New publication from CBM: “Estimating urban lawn cover in space and time: Case studies in three Swedish cities”
The article was published in March in Urban Ecosystems, and is built upon research from the LAWN-project.
Lawns are considered monocultures and lesser contributors to sustainability than diverse nature but are still a dominating green area feature and an important cultural phenomenon in cities. Lawns have esthetical values, provide playground, are potential habitat for species, contribute to carbon sequestration and water infiltration, but also increase pesticides, fertilization, are monocultures and costly to manage at the same time.
To evaluate the potential impact of lawns, whether positive or negative, it is of interest to estimate the total lawn cover in cities and its change over time. This is not a straightforward process, e.g., because many lawns are small and covered by trees.
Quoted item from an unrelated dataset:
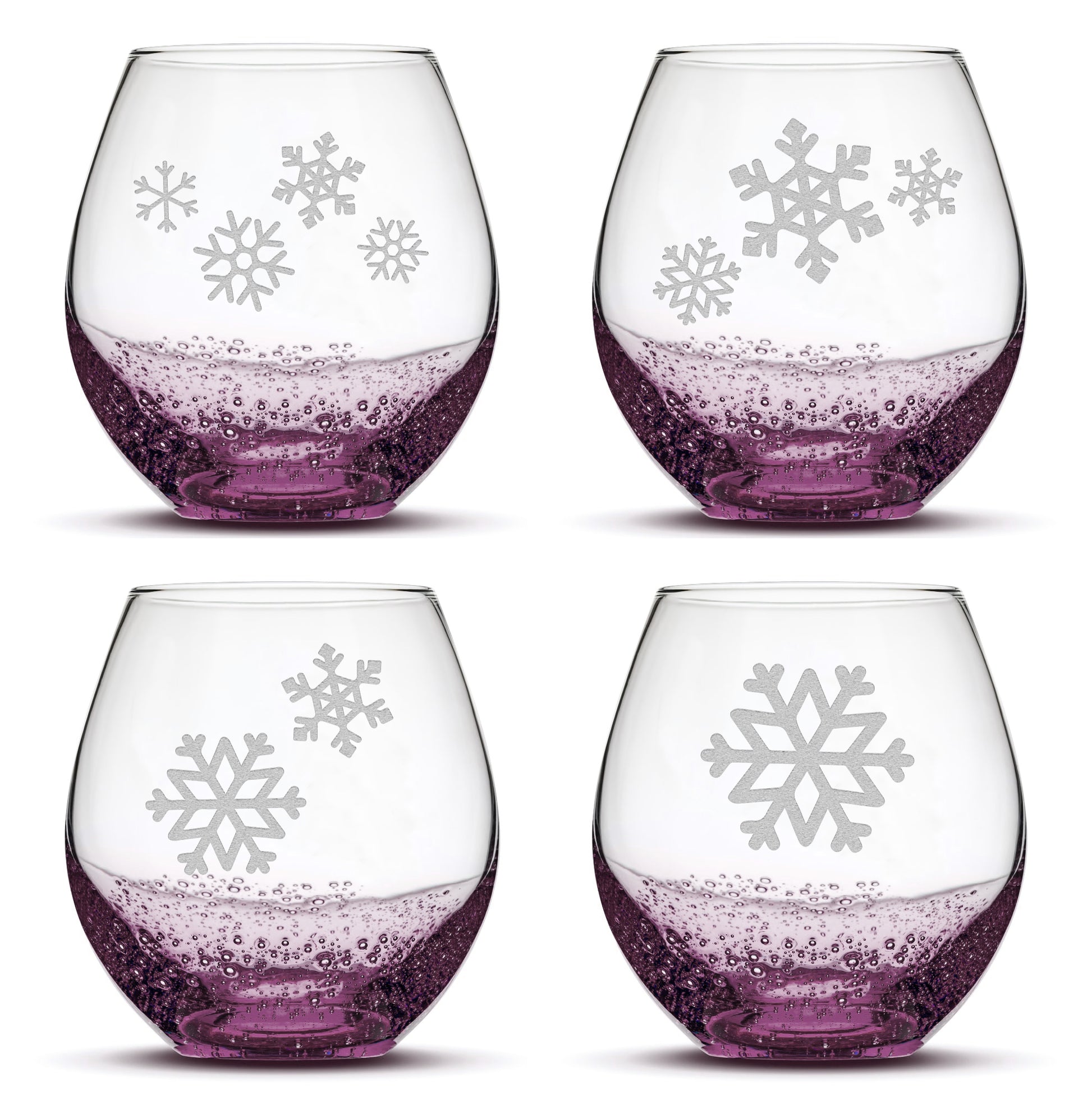 Bubble Wine Glasses with Snowflakes, Set of 4, Laser Etched or Hand Etched

In this study we review the existing literature of lawn cover in cities and the different methodologies used for cover estimation. We found both pros and cons with NDVI and LiDAR data as well as manually interpreted aerial photos. The total cover of lawns in three case study cities was estimated to 22.5 %. By extrapolating these percentages to all Swedish cities lawn cover was estimated to 2589 km2 (0.6 % of the terrestrial surface). The approximated total municipal management cost of lawns in all Swedish cities was 910,000,000 USD/ year. During 50 years lawn area almost doubled in relative cover and 56 % of them were continuously managed. Since lawns constitute large parts of the urban greenery and are costly to manage it is highly relevant to consider their social, ecological and cultural value compared to alternatives, e.g., meadows with less intensive management.
Authors of the articleis, besides Jörgen Wissman, CBM: Marcus Hedblom (Dept of. Ecology, SLU) Fredrik Lindberg (Dept of. Earth Sciences, Gothenburg University) Emanuel Vogel (Geovetarcentre, Gothenburg University) och Karin Ahrné (Artdatabanken, SLU).